= F. W. Dancker =

South Australian architect (1852–1936)

Fredrick William Dancker (1852–1936) was a South Australian architect, best known for villas in the wealthier suburbs of Adelaide. He founded the firm of F. W. Dancker & Son (1880–1944).

==History==
Danker was the third child and eldest son of Henry Dancker and Jane Pratt Dancker of Macclesfield, South Australia, who married in 1850. He was educated at a private school in Aldinga, and a school in England, where he studied naval architecture, but found no avenues for employment in Australian shipyards. He therefore studied architecture in Melbourne, then returned to Adelaide and was articled to Daniel Garlick. He spent much of his early professional life at Broken Hill. He established an architectural business in 1880 and worked alone until taking on his son Eric as an articled student. They formed a partnership "F. W. Dancker and Son" in 1913. He continued to practise until he retired in 1931, following an accident. His son continued in the business until 1953, when he died.

Dancker aimed to design attractive practical buildings, with attention to attractive combinations of brick and stone, and often included elaborate verandahs and rooflines with crenellations and turrets, often on a grand scale.
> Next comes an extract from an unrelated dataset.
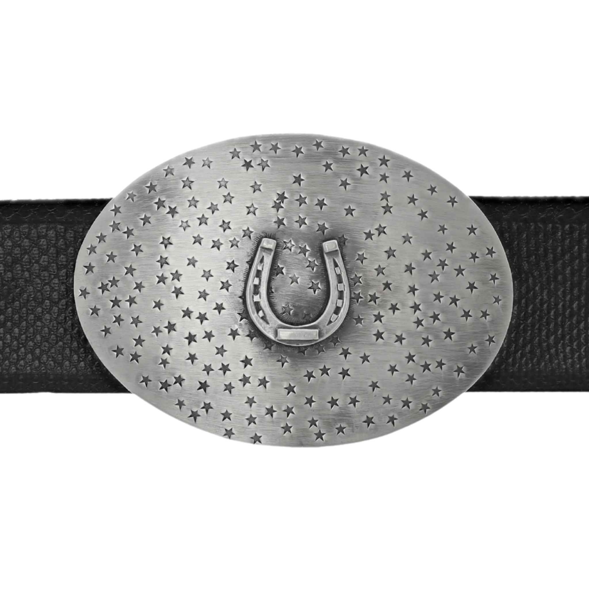 3.25" x 2.30" sterling oval trophy buckle with sterling horseshoe in center, star stamped background. Matte Finish. Made and engraved by hand in Texas by Clint Orms Engravers & Silversmiths.

Notable home designs include "Adare" (1893) at Victor Harbor for the Cudmore family, and "Attunga" (1900) for the Burford family.
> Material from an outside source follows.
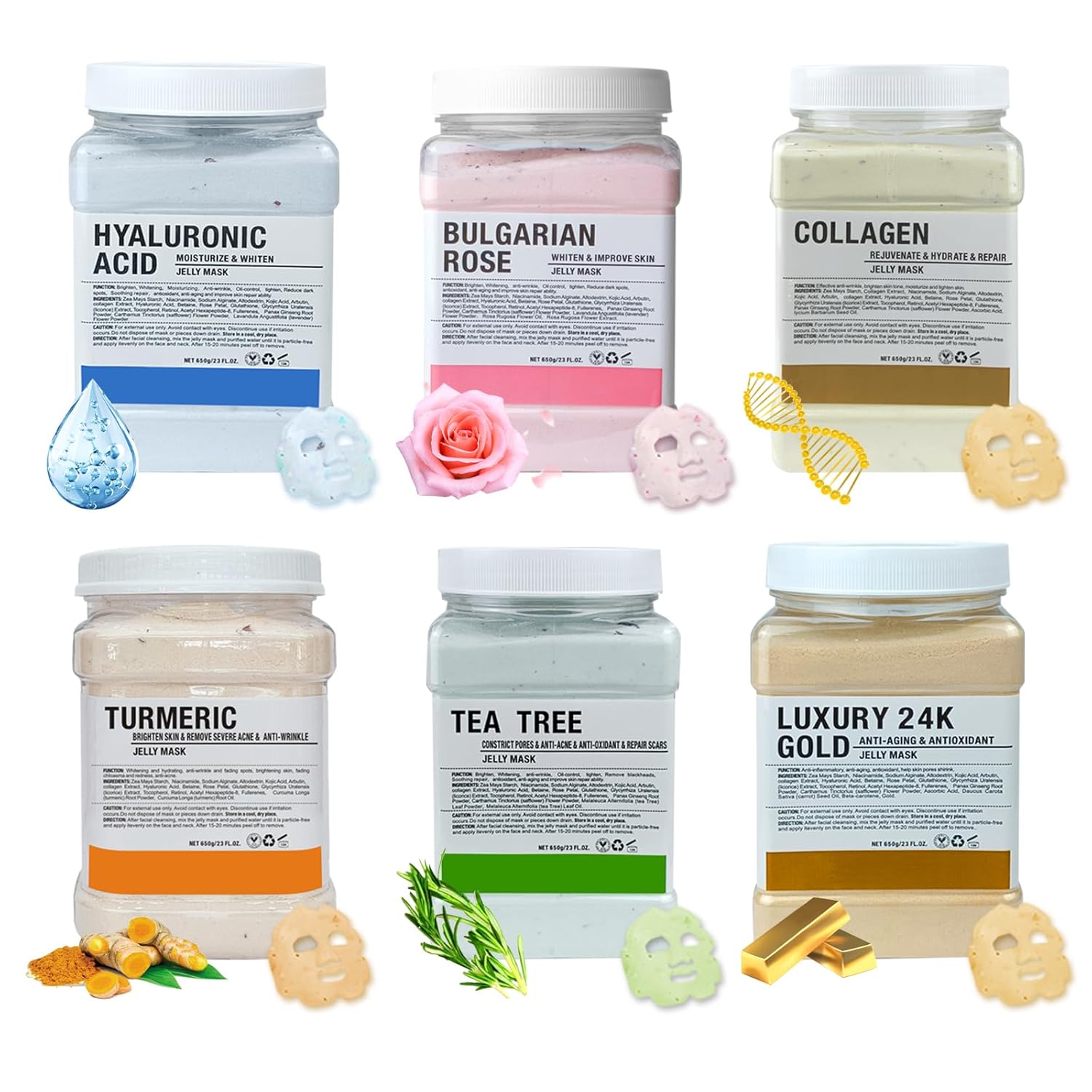 Jelly Mask for Facials Professional, Hydrating & Moisturizing Peel-Off Natural Gel Face Mask SkinCare, Professional Spa Use Jelly Face Masks, Deep Hydration & Glow 23 Fl Oz (6 Pack)

Non-residential works include:
- Creche in Gouger Street, which critics likened to a doll's house
- Our Boys Institute, Adelaide (1896)
- Institute at Macclesfield
- Maternity hospital, which was renamed Queen Victoria Hospital at Rose Park (1902)
- St Paul's Lutheran Church, Hahndorf
- Methodist Church at Malvern (became Uniting Church)
- Rectory at Mount Barker, South Australia

==Publications==
- Modern Dwellings: 100 selected designs (1904), aimed at educating the general public.

==Personal==
Dancker married Clara Ann Phillipps on 10 May 1883. Their children include:
- Eric Phillipps Dancker, known as E. Phillipps Dancker, (1889–1953) was an architect
- Gladys Clara Dancker
He died at his home on 26 August 1936.